Work required: Your output should be the records below, word for word and picture-free.

Data entries:
# # # # #

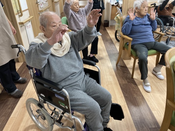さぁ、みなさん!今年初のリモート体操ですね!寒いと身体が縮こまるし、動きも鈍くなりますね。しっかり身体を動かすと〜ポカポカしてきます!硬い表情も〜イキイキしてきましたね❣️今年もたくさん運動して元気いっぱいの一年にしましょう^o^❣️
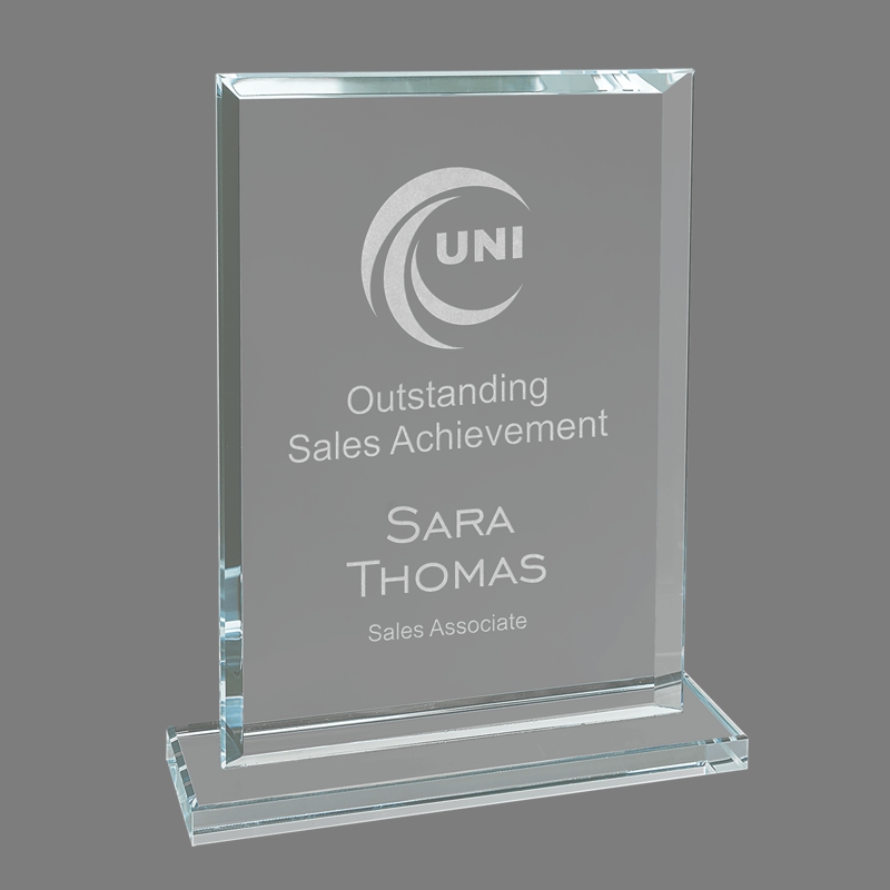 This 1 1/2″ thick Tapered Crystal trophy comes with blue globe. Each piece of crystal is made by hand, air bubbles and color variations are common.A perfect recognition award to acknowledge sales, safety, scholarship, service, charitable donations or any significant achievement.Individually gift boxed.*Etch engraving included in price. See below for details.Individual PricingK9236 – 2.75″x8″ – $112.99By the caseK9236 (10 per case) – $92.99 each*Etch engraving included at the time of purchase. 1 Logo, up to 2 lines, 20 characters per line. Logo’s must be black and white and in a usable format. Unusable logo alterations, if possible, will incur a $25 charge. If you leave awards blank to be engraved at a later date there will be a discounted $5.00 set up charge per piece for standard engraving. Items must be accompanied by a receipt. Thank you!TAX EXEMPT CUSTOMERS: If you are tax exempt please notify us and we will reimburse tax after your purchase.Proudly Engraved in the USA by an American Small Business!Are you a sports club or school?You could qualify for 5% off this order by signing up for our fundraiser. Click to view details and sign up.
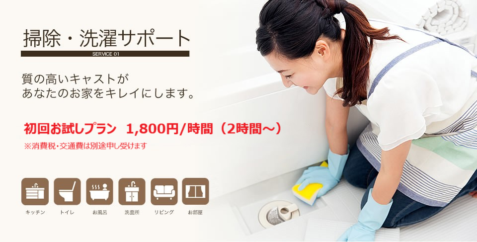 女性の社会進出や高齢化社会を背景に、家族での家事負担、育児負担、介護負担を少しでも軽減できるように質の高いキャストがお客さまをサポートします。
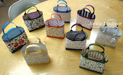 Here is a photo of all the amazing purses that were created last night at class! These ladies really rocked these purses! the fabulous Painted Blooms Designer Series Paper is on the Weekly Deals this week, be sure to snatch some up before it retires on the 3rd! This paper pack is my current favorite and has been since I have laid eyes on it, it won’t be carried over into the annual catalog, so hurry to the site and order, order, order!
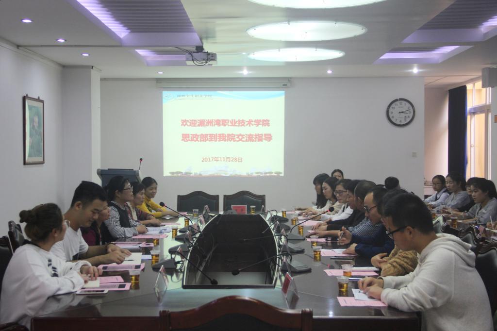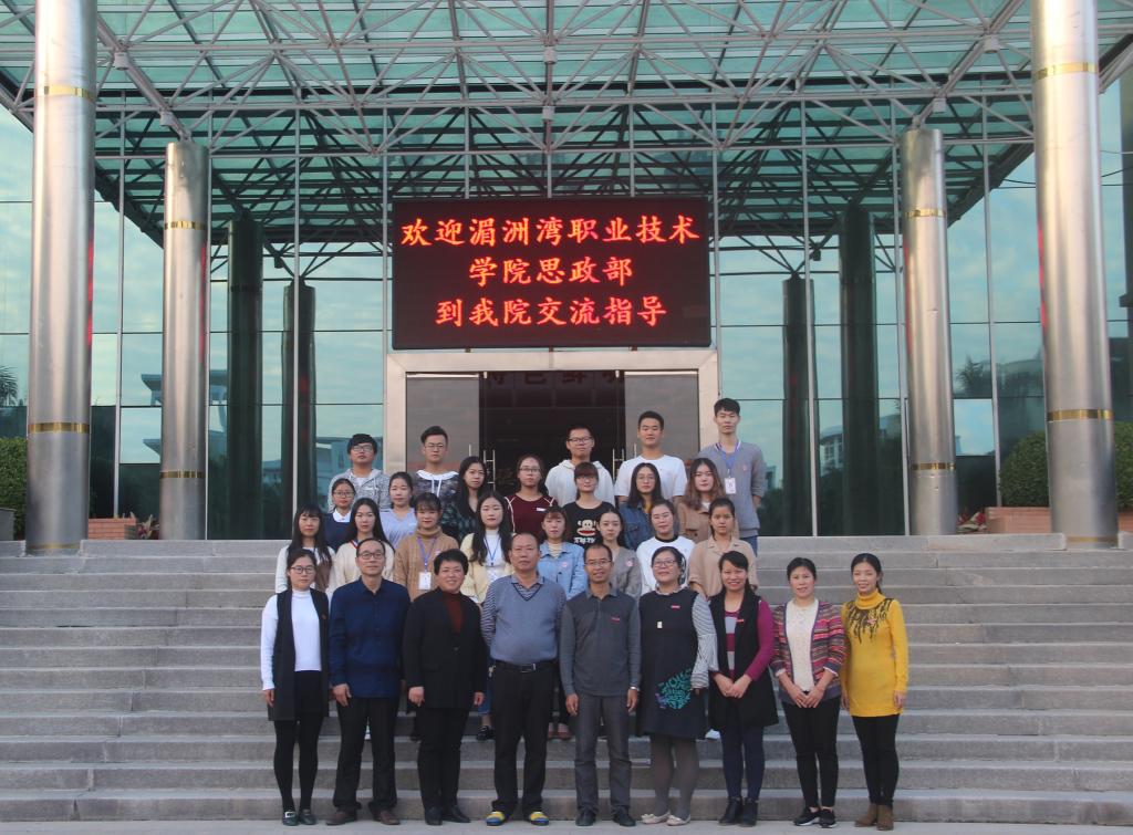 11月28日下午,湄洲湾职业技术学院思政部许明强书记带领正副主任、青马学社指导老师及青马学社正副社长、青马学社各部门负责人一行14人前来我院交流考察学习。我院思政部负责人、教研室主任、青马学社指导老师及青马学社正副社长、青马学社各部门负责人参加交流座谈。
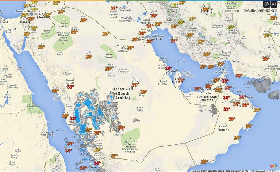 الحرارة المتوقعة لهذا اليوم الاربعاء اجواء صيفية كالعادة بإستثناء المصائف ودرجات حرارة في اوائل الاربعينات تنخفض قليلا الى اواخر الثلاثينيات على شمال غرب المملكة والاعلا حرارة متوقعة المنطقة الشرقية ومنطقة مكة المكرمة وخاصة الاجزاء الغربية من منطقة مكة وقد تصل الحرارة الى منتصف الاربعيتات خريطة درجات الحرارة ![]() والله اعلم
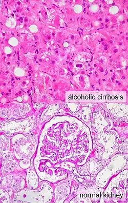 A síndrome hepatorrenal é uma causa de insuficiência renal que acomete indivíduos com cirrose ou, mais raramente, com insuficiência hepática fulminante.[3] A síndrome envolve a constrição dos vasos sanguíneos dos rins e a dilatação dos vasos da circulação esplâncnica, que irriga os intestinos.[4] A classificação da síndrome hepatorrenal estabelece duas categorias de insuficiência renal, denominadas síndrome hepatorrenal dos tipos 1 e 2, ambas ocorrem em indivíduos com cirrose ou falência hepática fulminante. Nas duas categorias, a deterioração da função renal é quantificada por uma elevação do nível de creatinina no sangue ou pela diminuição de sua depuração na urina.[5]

# # # # #

Output below:
さぁ、みなさん!今年初のリモート体操ですね!寒いと身体が縮こまるし、動きも鈍くなりますね。しっかり身体を動かすと〜ポカポカしてきます!硬い表情も〜イキイキしてきましたね❣️今年もたくさん運動して元気いっぱいの一年にしましょう^o^❣️
 This 1 1/2″ thick Tapered Crystal trophy comes with blue globe. Each piece of crystal is made by hand, air bubbles and color variations are common.A perfect recognition award to acknowledge sales, safety, scholarship, service, charitable donations or any significant achievement.Individually gift boxed.*Etch engraving included in price. See below for details.Individual PricingK9236 – 2.75″x8″ – $112.99By the caseK9236 (10 per case) – $92.99 each*Etch engraving included at the time of purchase. 1 Logo, up to 2 lines, 20 characters per line. Logo’s must be black and white and in a usable format. Unusable logo alterations, if possible, will incur a $25 charge. If you leave awards blank to be engraved at a later date there will be a discounted $5.00 set up charge per piece for standard engraving. Items must be accompanied by a receipt. Thank you!TAX EXEMPT CUSTOMERS: If you are tax exempt please notify us and we will reimburse tax after your purchase.Proudly Engraved in the USA by an American Small Business!Are you a sports club or school?You could qualify for 5% off this order by signing up for our fundraiser. Click to view details and sign up.
 女性の社会進出や高齢化社会を背景に、家族での家事負担、育児負担、介護負担を少しでも軽減できるように質の高いキャストがお客さまをサポートします。
 Here is a photo of all the amazing purses that were created last night at class! These ladies really rocked these purses! the fabulous Painted Blooms Designer Series Paper is on the Weekly Deals this week, be sure to snatch some up before it retires on the 3rd! This paper pack is my current favorite and has been since I have laid eyes on it, it won’t be carried over into the annual catalog, so hurry to the site and order, order, order!
 11月28日下午,湄洲湾职业技术学院思政部许明强书记带领正副主任、青马学社指导老师及青马学社正副社长、青马学社各部门负责人一行14人前来我院交流考察学习。我院思政部负责人、教研室主任、青马学社指导老师及青马学社正副社长、青马学社各部门负责人参加交流座谈。
 الحرارة المتوقعة لهذا اليوم الاربعاء اجواء صيفية كالعادة بإستثناء المصائف ودرجات حرارة في اوائل الاربعينات تنخفض قليلا الى اواخر الثلاثينيات على شمال غرب المملكة والاعلا حرارة متوقعة المنطقة الشرقية ومنطقة مكة المكرمة وخاصة الاجزاء الغربية من منطقة مكة وقد تصل الحرارة الى منتصف الاربعيتات خريطة درجات الحرارة ![]() والله اعلم
 A síndrome hepatorrenal é uma causa de insuficiência renal que acomete indivíduos com cirrose ou, mais raramente, com insuficiência hepática fulminante.[3] A síndrome envolve a constrição dos vasos sanguíneos dos rins e a dilatação dos vasos da circulação esplâncnica, que irriga os intestinos.[4] A classificação da síndrome hepatorrenal estabelece duas categorias de insuficiência renal, denominadas síndrome hepatorrenal dos tipos 1 e 2, ambas ocorrem em indivíduos com cirrose ou falência hepática fulminante. Nas duas categorias, a deterioração da função renal é quantificada por uma elevação do nível de creatinina no sangue ou pela diminuição de sua depuração na urina.[5]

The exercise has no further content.